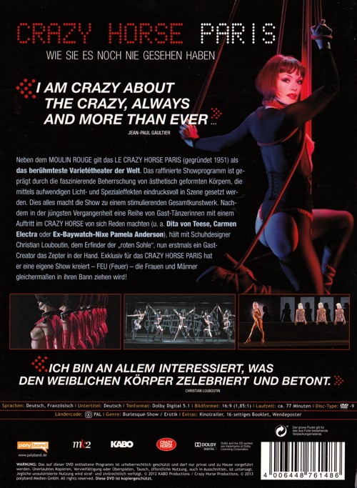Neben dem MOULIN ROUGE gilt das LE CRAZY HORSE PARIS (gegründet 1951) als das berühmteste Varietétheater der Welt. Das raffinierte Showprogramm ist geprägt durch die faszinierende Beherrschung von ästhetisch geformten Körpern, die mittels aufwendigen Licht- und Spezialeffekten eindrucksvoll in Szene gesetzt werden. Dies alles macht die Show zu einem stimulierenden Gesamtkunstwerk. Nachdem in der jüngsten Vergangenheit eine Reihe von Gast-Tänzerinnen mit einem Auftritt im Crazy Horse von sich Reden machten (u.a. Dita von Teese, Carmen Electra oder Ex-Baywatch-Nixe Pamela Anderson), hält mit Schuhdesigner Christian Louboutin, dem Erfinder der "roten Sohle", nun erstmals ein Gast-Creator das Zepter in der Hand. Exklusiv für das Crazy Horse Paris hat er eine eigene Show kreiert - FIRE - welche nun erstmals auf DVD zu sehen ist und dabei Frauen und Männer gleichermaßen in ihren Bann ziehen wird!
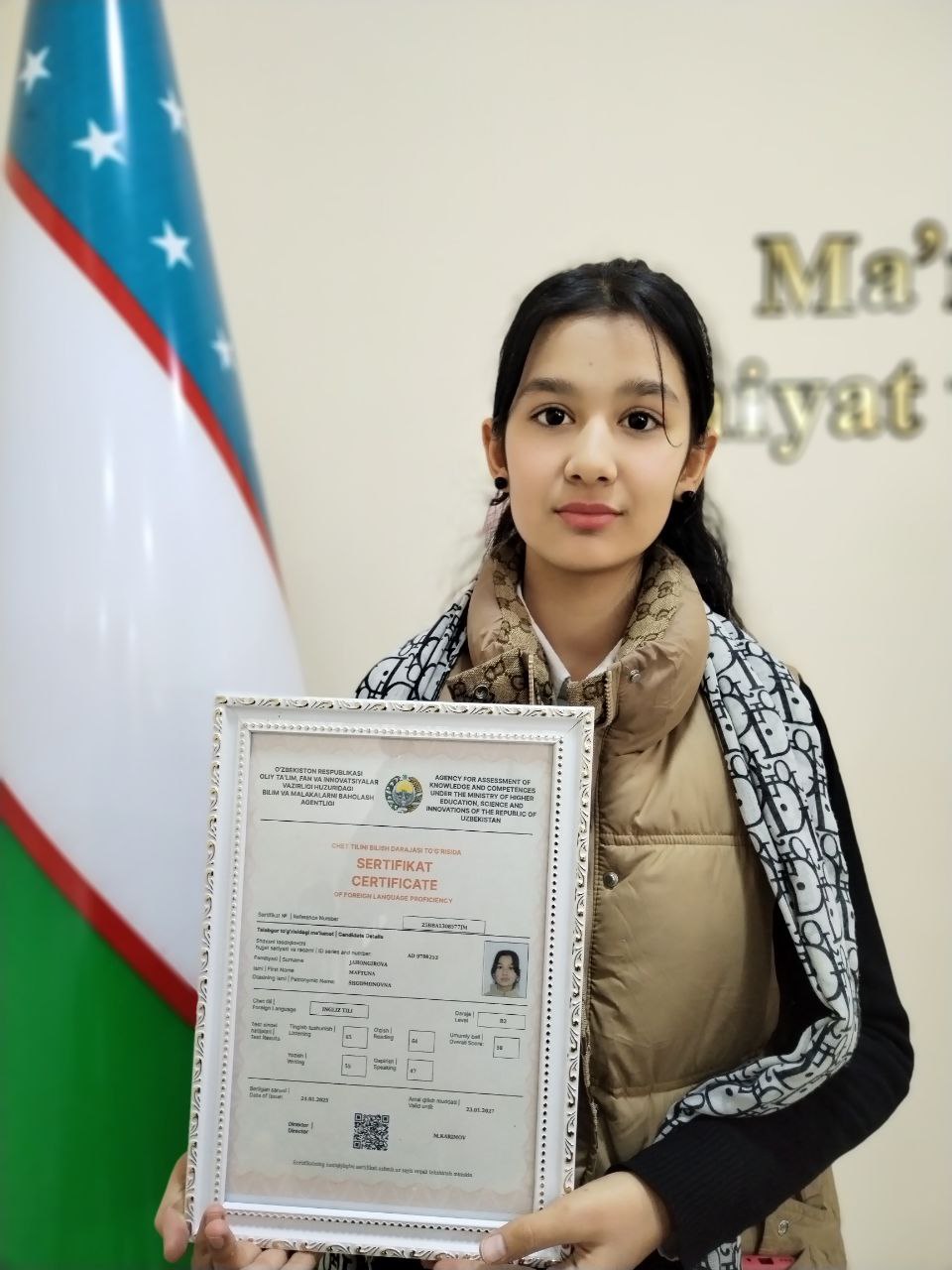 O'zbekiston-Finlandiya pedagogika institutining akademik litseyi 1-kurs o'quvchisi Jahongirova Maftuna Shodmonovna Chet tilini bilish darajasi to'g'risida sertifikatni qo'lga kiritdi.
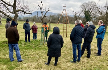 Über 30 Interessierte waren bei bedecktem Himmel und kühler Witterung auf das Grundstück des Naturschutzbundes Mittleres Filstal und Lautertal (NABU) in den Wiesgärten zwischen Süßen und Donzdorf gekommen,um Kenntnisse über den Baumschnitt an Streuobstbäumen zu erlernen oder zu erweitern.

Work instructions
Down to the final line, restate the material above word for word, but omit its pictures.

Finished task
Neben dem MOULIN ROUGE gilt das LE CRAZY HORSE PARIS (gegründet 1951) als das berühmteste Varietétheater der Welt. Das raffinierte Showprogramm ist geprägt durch die faszinierende Beherrschung von ästhetisch geformten Körpern, die mittels aufwendigen Licht- und Spezialeffekten eindrucksvoll in Szene gesetzt werden. Dies alles macht die Show zu einem stimulierenden Gesamtkunstwerk. Nachdem in der jüngsten Vergangenheit eine Reihe von Gast-Tänzerinnen mit einem Auftritt im Crazy Horse von sich Reden machten (u.a. Dita von Teese, Carmen Electra oder Ex-Baywatch-Nixe Pamela Anderson), hält mit Schuhdesigner Christian Louboutin, dem Erfinder der "roten Sohle", nun erstmals ein Gast-Creator das Zepter in der Hand. Exklusiv für das Crazy Horse Paris hat er eine eigene Show kreiert - FIRE - welche nun erstmals auf DVD zu sehen ist und dabei Frauen und Männer gleichermaßen in ihren Bann ziehen wird!
 O'zbekiston-Finlandiya pedagogika institutining akademik litseyi 1-kurs o'quvchisi Jahongirova Maftuna Shodmonovna Chet tilini bilish darajasi to'g'risida sertifikatni qo'lga kiritdi.
 Über 30 Interessierte waren bei bedecktem Himmel und kühler Witterung auf das Grundstück des Naturschutzbundes Mittleres Filstal und Lautertal (NABU) in den Wiesgärten zwischen Süßen und Donzdorf gekommen,um Kenntnisse über den Baumschnitt an Streuobstbäumen zu erlernen oder zu erweitern.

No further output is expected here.